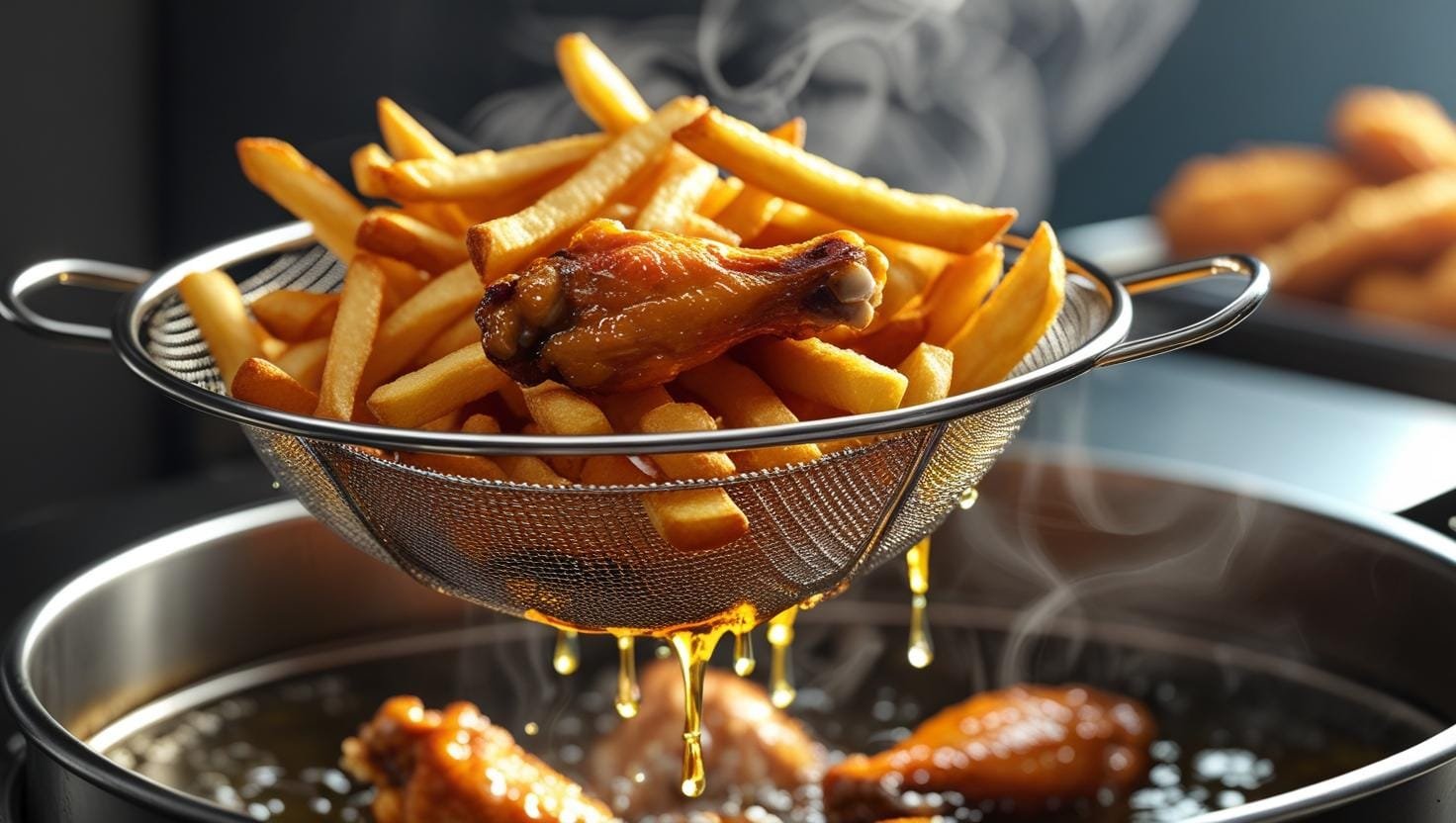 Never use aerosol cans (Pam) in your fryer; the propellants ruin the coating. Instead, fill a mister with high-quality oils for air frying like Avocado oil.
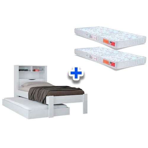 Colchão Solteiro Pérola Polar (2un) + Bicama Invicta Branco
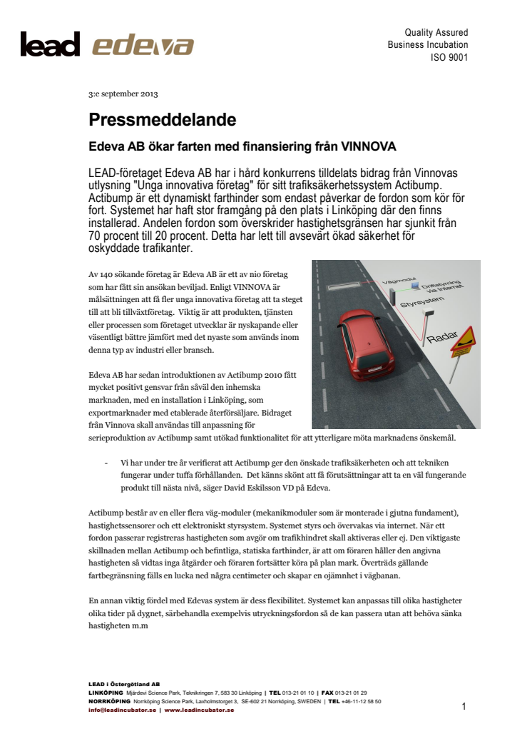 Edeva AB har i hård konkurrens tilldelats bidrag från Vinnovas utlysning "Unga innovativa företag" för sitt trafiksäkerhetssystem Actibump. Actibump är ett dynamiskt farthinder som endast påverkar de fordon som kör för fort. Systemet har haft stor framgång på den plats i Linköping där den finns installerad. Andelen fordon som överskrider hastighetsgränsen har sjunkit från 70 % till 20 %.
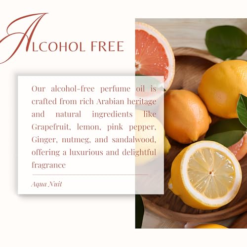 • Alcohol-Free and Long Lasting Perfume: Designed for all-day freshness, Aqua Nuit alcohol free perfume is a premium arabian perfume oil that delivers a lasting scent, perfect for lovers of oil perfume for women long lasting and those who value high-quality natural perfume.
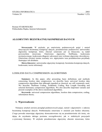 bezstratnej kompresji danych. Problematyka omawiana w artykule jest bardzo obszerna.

:::::

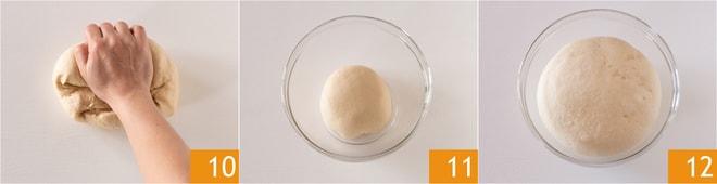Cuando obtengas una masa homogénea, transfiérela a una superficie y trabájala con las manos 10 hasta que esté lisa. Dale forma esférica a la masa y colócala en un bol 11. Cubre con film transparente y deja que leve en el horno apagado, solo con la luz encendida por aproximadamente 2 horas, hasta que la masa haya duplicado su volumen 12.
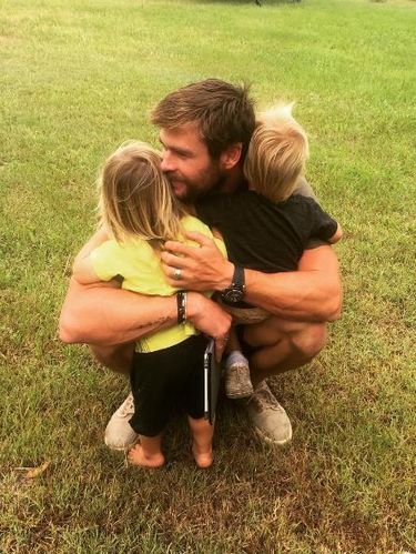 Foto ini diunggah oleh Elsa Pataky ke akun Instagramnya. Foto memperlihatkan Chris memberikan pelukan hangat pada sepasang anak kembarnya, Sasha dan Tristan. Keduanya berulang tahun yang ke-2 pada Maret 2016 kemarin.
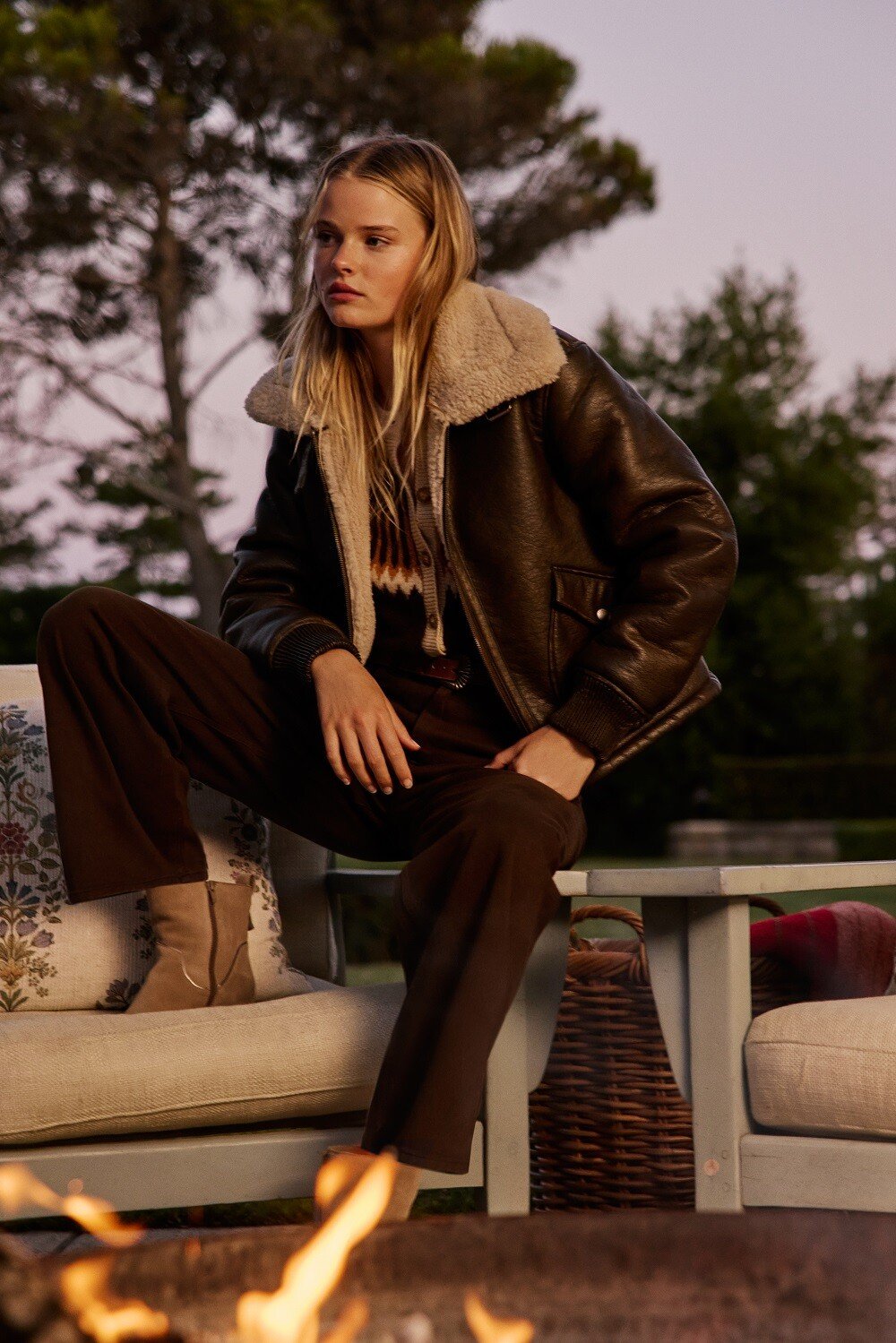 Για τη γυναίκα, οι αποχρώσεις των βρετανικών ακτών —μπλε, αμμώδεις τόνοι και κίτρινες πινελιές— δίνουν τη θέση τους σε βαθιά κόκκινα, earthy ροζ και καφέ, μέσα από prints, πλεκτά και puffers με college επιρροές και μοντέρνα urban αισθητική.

:::::

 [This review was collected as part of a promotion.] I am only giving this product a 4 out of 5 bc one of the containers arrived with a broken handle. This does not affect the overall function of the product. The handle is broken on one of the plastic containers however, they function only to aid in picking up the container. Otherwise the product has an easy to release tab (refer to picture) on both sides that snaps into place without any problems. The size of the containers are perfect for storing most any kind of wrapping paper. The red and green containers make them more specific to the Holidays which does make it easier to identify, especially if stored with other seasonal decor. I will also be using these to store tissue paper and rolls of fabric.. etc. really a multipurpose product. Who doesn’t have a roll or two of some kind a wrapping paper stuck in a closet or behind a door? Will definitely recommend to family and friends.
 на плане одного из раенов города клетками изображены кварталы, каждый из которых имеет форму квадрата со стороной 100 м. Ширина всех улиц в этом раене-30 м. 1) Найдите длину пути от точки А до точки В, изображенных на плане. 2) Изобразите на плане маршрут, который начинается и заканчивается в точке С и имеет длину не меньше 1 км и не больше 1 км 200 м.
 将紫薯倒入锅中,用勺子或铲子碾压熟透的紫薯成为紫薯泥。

:::::

### Task directions
Keep both end lines and retype everything in the records above from the line containing "на плане одного" through the line containing "将紫薯倒入锅中,用勺子或铲子碾压熟透的紫薯成为紫薯泥。", exactly, with nothing else.

### Answer to this problem
 на плане одного из раенов города клетками изображены кварталы, каждый из которых имеет форму квадрата со стороной 100 м. Ширина всех улиц в этом раене-30 м. 1) Найдите длину пути от точки А до точки В, изображенных на плане. 2) Изобразите на плане маршрут, который начинается и заканчивается в точке С и имеет длину не меньше 1 км и не больше 1 км 200 м.
 将紫薯倒入锅中,用勺子或铲子碾压熟透的紫薯成为紫薯泥。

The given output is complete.